> [GIVEN DATA]:
────────────────
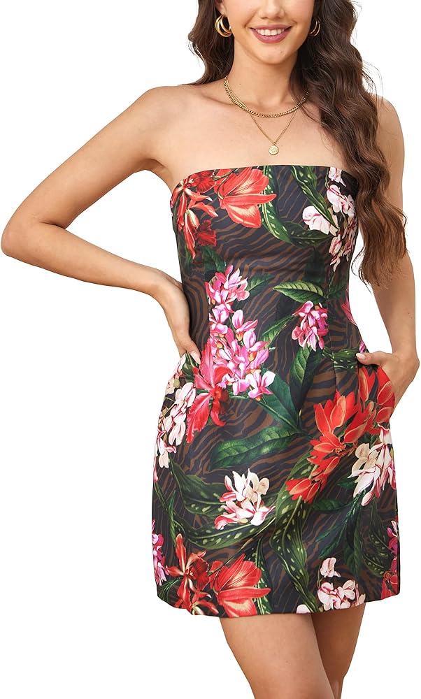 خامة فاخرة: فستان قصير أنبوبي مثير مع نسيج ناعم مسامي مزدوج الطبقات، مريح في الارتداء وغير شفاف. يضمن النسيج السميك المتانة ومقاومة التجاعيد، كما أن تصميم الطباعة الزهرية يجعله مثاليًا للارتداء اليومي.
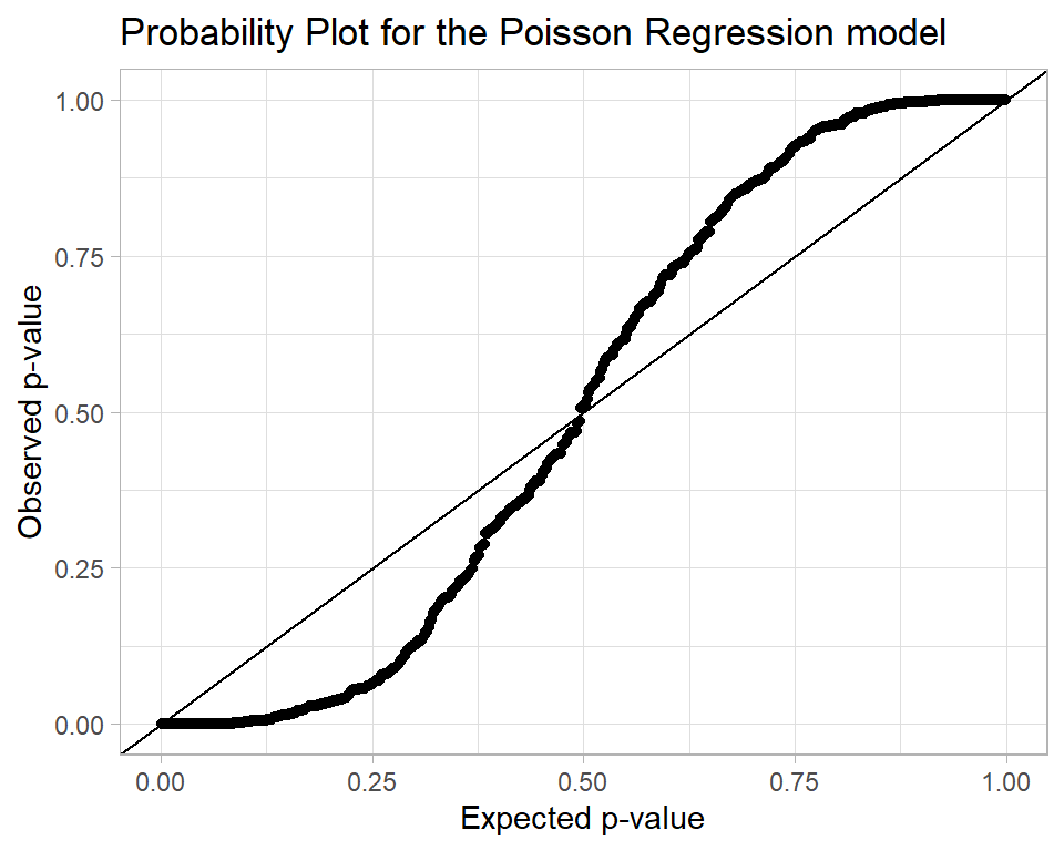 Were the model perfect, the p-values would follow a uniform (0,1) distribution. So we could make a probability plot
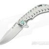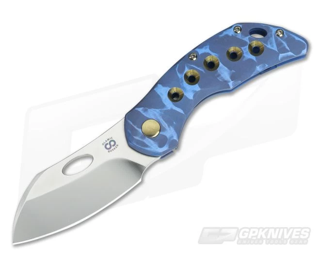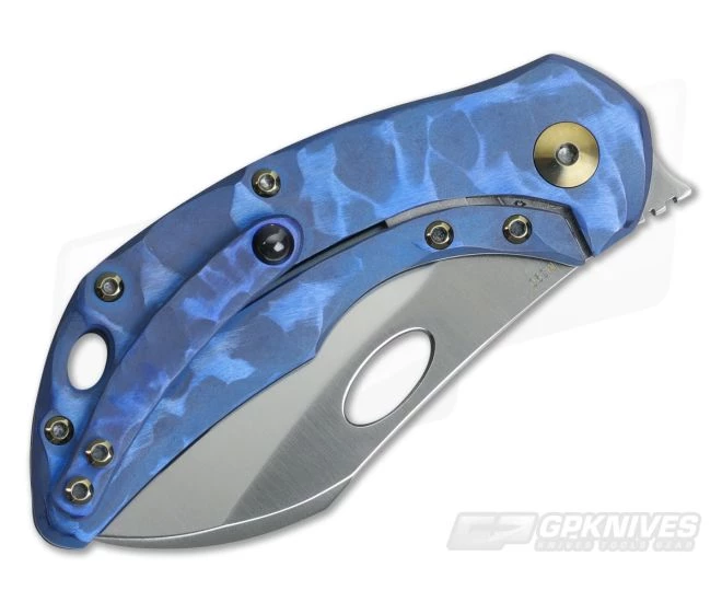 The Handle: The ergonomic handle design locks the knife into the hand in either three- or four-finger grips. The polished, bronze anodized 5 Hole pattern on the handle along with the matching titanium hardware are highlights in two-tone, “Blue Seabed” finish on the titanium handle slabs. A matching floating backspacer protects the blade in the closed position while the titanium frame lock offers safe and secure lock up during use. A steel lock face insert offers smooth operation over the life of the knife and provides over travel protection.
────────────────
Reproduce verbatim the opening line of the material and every line after it, up to and including the line with "Were the model", but no pictures.

> [EXERCISE SOLUTION]:
 خامة فاخرة: فستان قصير أنبوبي مثير مع نسيج ناعم مسامي مزدوج الطبقات، مريح في الارتداء وغير شفاف. يضمن النسيج السميك المتانة ومقاومة التجاعيد، كما أن تصميم الطباعة الزهرية يجعله مثاليًا للارتداء اليومي.
 Were the model perfect, the p-values would follow a uniform (0,1) distribution. So we could make a probability plot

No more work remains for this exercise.